(Data items)

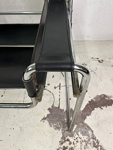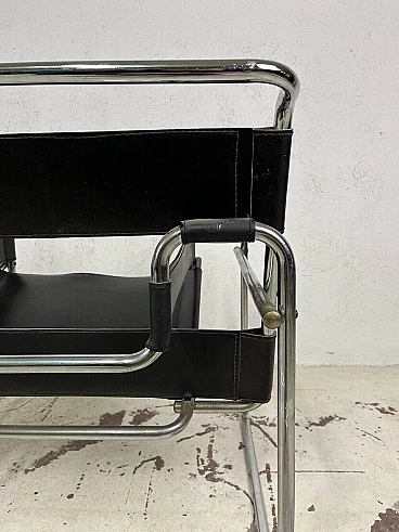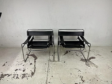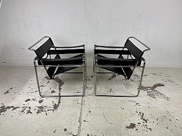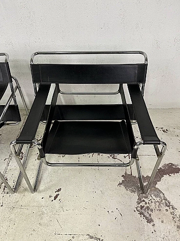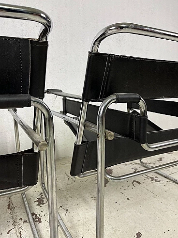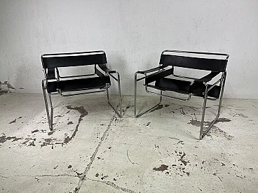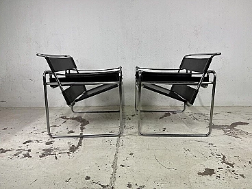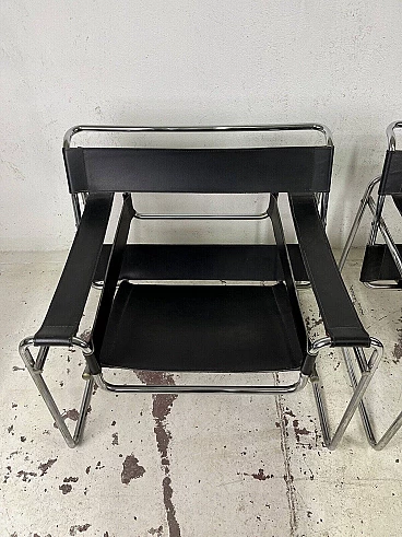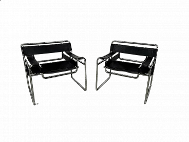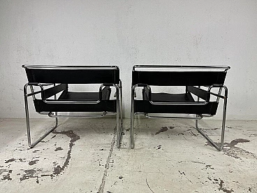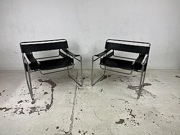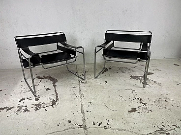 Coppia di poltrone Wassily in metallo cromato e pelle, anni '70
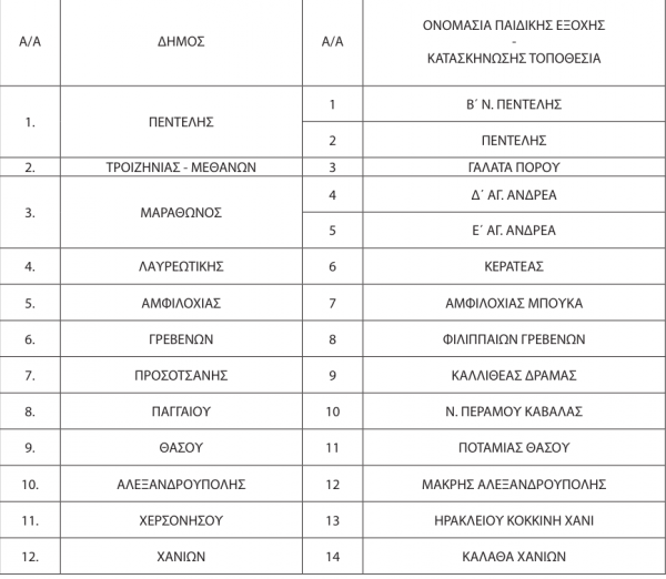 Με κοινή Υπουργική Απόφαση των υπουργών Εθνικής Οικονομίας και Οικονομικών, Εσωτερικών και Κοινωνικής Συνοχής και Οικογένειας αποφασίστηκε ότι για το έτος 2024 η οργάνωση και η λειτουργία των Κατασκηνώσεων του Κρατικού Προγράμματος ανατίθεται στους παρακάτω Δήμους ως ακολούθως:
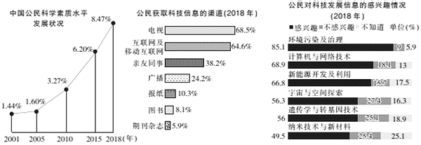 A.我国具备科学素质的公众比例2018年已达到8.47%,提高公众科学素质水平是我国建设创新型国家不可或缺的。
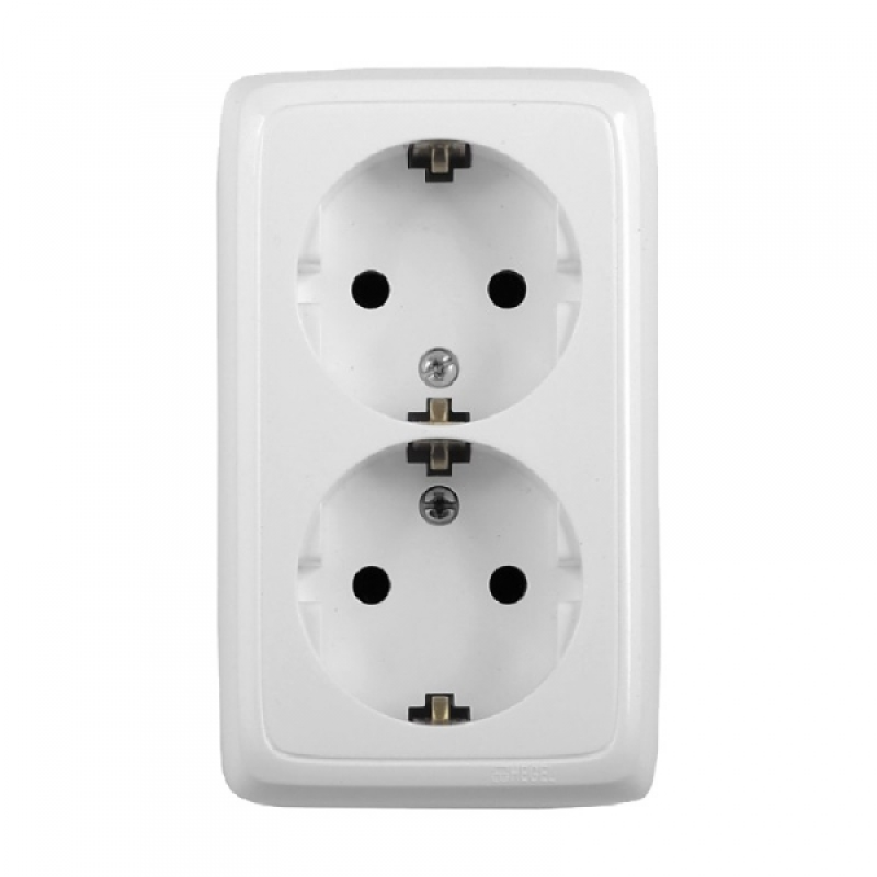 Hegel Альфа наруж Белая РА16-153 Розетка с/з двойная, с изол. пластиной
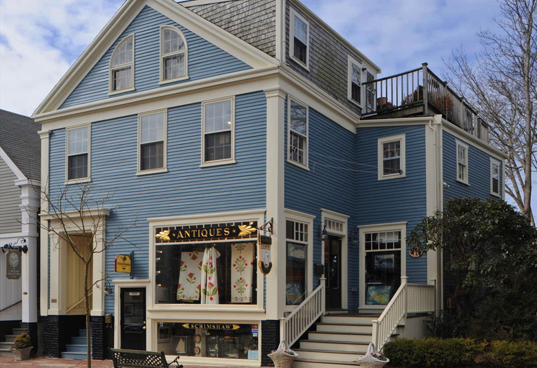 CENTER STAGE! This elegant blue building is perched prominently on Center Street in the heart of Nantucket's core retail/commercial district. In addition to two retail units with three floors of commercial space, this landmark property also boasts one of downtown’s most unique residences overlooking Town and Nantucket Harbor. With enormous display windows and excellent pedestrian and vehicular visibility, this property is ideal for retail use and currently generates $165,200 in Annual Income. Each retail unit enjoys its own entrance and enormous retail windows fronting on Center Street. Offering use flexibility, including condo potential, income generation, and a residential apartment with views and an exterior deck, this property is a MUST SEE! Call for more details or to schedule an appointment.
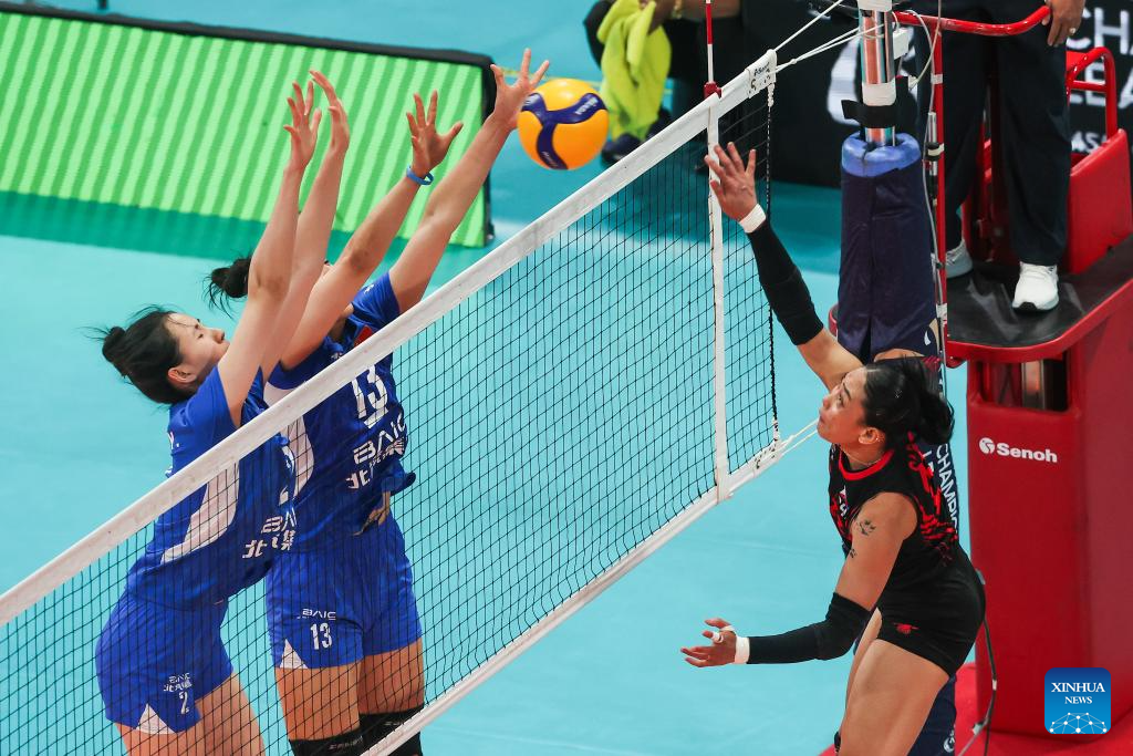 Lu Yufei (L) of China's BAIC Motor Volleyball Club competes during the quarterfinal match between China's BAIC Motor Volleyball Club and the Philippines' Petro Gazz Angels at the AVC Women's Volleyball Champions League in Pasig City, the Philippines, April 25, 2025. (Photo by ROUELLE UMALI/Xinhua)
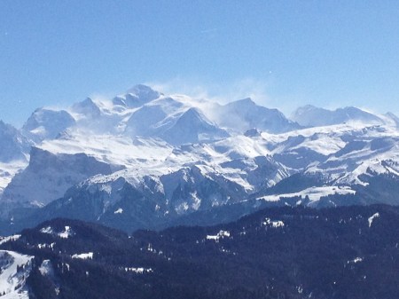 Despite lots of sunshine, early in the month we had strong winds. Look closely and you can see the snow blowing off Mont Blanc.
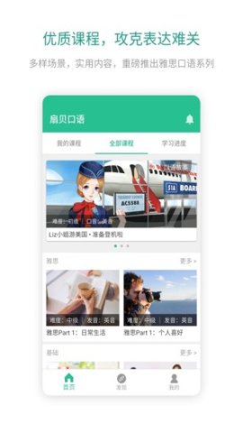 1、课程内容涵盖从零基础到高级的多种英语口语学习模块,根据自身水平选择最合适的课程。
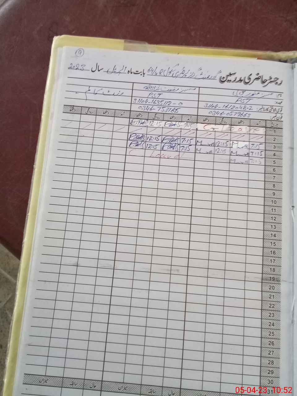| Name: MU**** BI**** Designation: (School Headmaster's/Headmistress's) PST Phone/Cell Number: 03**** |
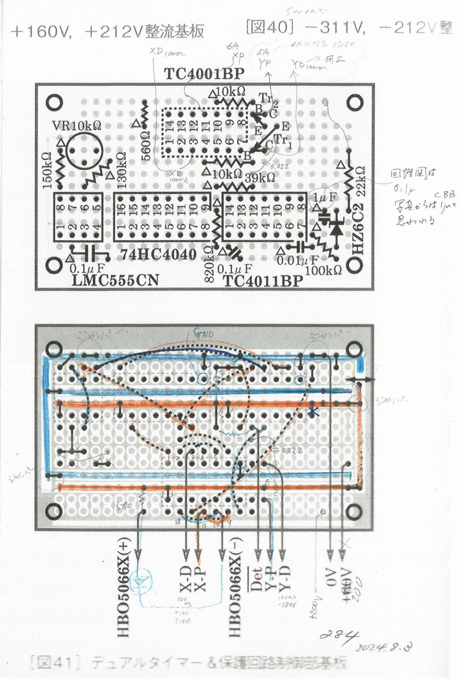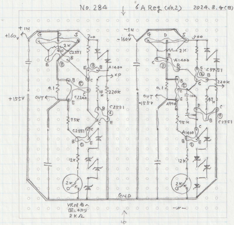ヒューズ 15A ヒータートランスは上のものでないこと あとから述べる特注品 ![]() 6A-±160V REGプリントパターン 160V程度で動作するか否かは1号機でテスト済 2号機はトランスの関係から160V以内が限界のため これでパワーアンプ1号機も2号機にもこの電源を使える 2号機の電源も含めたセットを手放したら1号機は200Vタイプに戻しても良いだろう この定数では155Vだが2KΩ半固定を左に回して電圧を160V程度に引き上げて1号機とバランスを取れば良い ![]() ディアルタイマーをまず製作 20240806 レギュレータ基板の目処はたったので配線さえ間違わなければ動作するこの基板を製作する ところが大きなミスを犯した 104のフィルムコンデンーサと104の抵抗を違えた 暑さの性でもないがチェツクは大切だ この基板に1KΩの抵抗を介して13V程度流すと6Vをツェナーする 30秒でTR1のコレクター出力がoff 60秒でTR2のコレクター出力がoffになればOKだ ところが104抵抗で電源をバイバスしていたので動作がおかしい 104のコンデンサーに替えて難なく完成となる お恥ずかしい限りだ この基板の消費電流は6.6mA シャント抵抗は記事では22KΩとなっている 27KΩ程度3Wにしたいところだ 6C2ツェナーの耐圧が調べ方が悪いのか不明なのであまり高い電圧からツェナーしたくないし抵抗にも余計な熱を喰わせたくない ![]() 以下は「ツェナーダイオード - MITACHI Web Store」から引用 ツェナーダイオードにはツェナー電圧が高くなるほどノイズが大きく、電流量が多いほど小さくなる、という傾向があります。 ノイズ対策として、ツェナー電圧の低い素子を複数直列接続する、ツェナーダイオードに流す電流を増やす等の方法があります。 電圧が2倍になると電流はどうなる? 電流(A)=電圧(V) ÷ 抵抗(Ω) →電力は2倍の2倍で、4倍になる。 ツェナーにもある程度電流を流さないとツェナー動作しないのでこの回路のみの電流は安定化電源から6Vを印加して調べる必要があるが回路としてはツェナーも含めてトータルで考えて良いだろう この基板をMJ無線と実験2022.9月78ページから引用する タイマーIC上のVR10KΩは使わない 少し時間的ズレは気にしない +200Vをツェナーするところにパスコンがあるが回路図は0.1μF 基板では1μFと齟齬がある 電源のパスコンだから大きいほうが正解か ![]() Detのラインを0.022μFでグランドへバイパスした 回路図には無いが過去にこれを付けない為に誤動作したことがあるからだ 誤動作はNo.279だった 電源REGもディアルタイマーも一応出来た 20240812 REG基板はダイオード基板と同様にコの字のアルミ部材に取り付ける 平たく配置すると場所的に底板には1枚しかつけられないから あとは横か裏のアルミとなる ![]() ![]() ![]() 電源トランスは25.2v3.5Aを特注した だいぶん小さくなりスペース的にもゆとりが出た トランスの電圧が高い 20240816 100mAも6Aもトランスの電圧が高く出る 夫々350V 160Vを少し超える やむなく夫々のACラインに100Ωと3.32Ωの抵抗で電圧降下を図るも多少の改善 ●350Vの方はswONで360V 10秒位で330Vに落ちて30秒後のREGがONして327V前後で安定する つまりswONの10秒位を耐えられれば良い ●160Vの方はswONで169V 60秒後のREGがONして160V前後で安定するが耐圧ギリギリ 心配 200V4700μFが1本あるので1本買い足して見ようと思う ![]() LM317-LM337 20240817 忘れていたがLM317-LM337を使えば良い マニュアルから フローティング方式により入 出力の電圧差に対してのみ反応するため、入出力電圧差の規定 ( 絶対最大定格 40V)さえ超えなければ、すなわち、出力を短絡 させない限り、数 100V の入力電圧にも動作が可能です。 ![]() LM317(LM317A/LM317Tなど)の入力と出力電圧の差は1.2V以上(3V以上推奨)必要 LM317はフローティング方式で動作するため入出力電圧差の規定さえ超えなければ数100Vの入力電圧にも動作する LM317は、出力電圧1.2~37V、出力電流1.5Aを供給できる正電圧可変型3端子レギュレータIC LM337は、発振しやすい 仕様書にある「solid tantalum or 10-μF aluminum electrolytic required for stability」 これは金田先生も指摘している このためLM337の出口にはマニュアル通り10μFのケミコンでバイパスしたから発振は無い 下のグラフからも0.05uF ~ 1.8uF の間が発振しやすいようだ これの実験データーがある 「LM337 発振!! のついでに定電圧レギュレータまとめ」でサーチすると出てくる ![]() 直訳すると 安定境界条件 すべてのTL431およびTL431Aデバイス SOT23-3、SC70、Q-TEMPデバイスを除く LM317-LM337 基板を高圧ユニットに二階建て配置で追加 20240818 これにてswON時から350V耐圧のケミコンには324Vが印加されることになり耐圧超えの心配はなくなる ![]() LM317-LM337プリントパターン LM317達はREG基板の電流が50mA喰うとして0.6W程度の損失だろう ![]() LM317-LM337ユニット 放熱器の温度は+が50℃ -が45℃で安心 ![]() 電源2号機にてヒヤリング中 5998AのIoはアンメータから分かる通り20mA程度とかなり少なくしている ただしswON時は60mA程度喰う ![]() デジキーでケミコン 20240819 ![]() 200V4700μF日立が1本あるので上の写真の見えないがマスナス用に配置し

▶ WHAT NEEDS TO BE DONE: From the first line to the last, repeat the records exactly, leaving out the pictures.

▶ SOLUTION FOR THIS TASK:
 Coppia di poltrone Wassily in metallo cromato e pelle, anni '70
 Με κοινή Υπουργική Απόφαση των υπουργών Εθνικής Οικονομίας και Οικονομικών, Εσωτερικών και Κοινωνικής Συνοχής και Οικογένειας αποφασίστηκε ότι για το έτος 2024 η οργάνωση και η λειτουργία των Κατασκηνώσεων του Κρατικού Προγράμματος ανατίθεται στους παρακάτω Δήμους ως ακολούθως:
 A.我国具备科学素质的公众比例2018年已达到8.47%,提高公众科学素质水平是我国建设创新型国家不可或缺的。
 Hegel Альфа наруж Белая РА16-153 Розетка с/з двойная, с изол. пластиной
 CENTER STAGE! This elegant blue building is perched prominently on Center Street in the heart of Nantucket's core retail/commercial district. In addition to two retail units with three floors of commercial space, this landmark property also boasts one of downtown’s most unique residences overlooking Town and Nantucket Harbor. With enormous display windows and excellent pedestrian and vehicular visibility, this property is ideal for retail use and currently generates $165,200 in Annual Income. Each retail unit enjoys its own entrance and enormous retail windows fronting on Center Street. Offering use flexibility, including condo potential, income generation, and a residential apartment with views and an exterior deck, this property is a MUST SEE! Call for more details or to schedule an appointment.
 Lu Yufei (L) of China's BAIC Motor Volleyball Club competes during the quarterfinal match between China's BAIC Motor Volleyball Club and the Philippines' Petro Gazz Angels at the AVC Women's Volleyball Champions League in Pasig City, the Philippines, April 25, 2025. (Photo by ROUELLE UMALI/Xinhua)
 Despite lots of sunshine, early in the month we had strong winds. Look closely and you can see the snow blowing off Mont Blanc.
 1、课程内容涵盖从零基础到高级的多种英语口语学习模块,根据自身水平选择最合适的课程。
| Name: MU**** BI**** Designation: (School Headmaster's/Headmistress's) PST Phone/Cell Number: 03**** |
ヒューズ 15A ヒータートランスは上のものでないこと あとから述べる特注品 ![]() 6A-±160V REGプリントパターン 160V程度で動作するか否かは1号機でテスト済 2号機はトランスの関係から160V以内が限界のため これでパワーアンプ1号機も2号機にもこの電源を使える 2号機の電源も含めたセットを手放したら1号機は200Vタイプに戻しても良いだろう この定数では155Vだが2KΩ半固定を左に回して電圧を160V程度に引き上げて1号機とバランスを取れば良い ![]() ディアルタイマーをまず製作 20240806 レギュレータ基板の目処はたったので配線さえ間違わなければ動作するこの基板を製作する ところが大きなミスを犯した 104のフィルムコンデンーサと104の抵抗を違えた 暑さの性でもないがチェツクは大切だ この基板に1KΩの抵抗を介して13V程度流すと6Vをツェナーする 30秒でTR1のコレクター出力がoff 60秒でTR2のコレクター出力がoffになればOKだ ところが104抵抗で電源をバイバスしていたので動作がおかしい 104のコンデンサーに替えて難なく完成となる お恥ずかしい限りだ この基板の消費電流は6.6mA シャント抵抗は記事では22KΩとなっている 27KΩ程度3Wにしたいところだ 6C2ツェナーの耐圧が調べ方が悪いのか不明なのであまり高い電圧からツェナーしたくないし抵抗にも余計な熱を喰わせたくない ![]() 以下は「ツェナーダイオード - MITACHI Web Store」から引用 ツェナーダイオードにはツェナー電圧が高くなるほどノイズが大きく、電流量が多いほど小さくなる、という傾向があります。 ノイズ対策として、ツェナー電圧の低い素子を複数直列接続する、ツェナーダイオードに流す電流を増やす等の方法があります。 電圧が2倍になると電流はどうなる? 電流(A)=電圧(V) ÷ 抵抗(Ω) →電力は2倍の2倍で、4倍になる。 ツェナーにもある程度電流を流さないとツェナー動作しないのでこの回路のみの電流は安定化電源から6Vを印加して調べる必要があるが回路としてはツェナーも含めてトータルで考えて良いだろう この基板をMJ無線と実験2022.9月78ページから引用する タイマーIC上のVR10KΩは使わない 少し時間的ズレは気にしない +200Vをツェナーするところにパスコンがあるが回路図は0.1μF 基板では1μFと齟齬がある 電源のパスコンだから大きいほうが正解か ![]() Detのラインを0.022μFでグランドへバイパスした 回路図には無いが過去にこれを付けない為に誤動作したことがあるからだ 誤動作はNo.279だった 電源REGもディアルタイマーも一応出来た 20240812 REG基板はダイオード基板と同様にコの字のアルミ部材に取り付ける 平たく配置すると場所的に底板には1枚しかつけられないから あとは横か裏のアルミとなる ![]() ![]() ![]() 電源トランスは25.2v3.5Aを特注した だいぶん小さくなりスペース的にもゆとりが出た トランスの電圧が高い 20240816 100mAも6Aもトランスの電圧が高く出る 夫々350V 160Vを少し超える やむなく夫々のACラインに100Ωと3.32Ωの抵抗で電圧降下を図るも多少の改善 ●350Vの方はswONで360V 10秒位で330Vに落ちて30秒後のREGがONして327V前後で安定する つまりswONの10秒位を耐えられれば良い ●160Vの方はswONで169V 60秒後のREGがONして160V前後で安定するが耐圧ギリギリ 心配 200V4700μFが1本あるので1本買い足して見ようと思う ![]() LM317-LM337 20240817 忘れていたがLM317-LM337を使えば良い マニュアルから フローティング方式により入 出力の電圧差に対してのみ反応するため、入出力電圧差の規定 ( 絶対最大定格 40V)さえ超えなければ、すなわち、出力を短絡 させない限り、数 100V の入力電圧にも動作が可能です。 ![]() LM317(LM317A/LM317Tなど)の入力と出力電圧の差は1.2V以上(3V以上推奨)必要 LM317はフローティング方式で動作するため入出力電圧差の規定さえ超えなければ数100Vの入力電圧にも動作する LM317は、出力電圧1.2~37V、出力電流1.5Aを供給できる正電圧可変型3端子レギュレータIC LM337は、発振しやすい 仕様書にある「solid tantalum or 10-μF aluminum electrolytic required for stability」 これは金田先生も指摘している このためLM337の出口にはマニュアル通り10μFのケミコンでバイパスしたから発振は無い 下のグラフからも0.05uF ~ 1.8uF の間が発振しやすいようだ これの実験データーがある 「LM337 発振!! のついでに定電圧レギュレータまとめ」でサーチすると出てくる ![]() 直訳すると 安定境界条件 すべてのTL431およびTL431Aデバイス SOT23-3、SC70、Q-TEMPデバイスを除く LM317-LM337 基板を高圧ユニットに二階建て配置で追加 20240818 これにてswON時から350V耐圧のケミコンには324Vが印加されることになり耐圧超えの心配はなくなる ![]() LM317-LM337プリントパターン LM317達はREG基板の電流が50mA喰うとして0.6W程度の損失だろう ![]() LM317-LM337ユニット 放熱器の温度は+が50℃ -が45℃で安心 ![]() 電源2号機にてヒヤリング中 5998AのIoはアンメータから分かる通り20mA程度とかなり少なくしている ただしswON時は60mA程度喰う ![]() デジキーでケミコン 20240819 ![]() 200V4700μF日立が1本あるので上の写真の見えないがマスナス用に配置し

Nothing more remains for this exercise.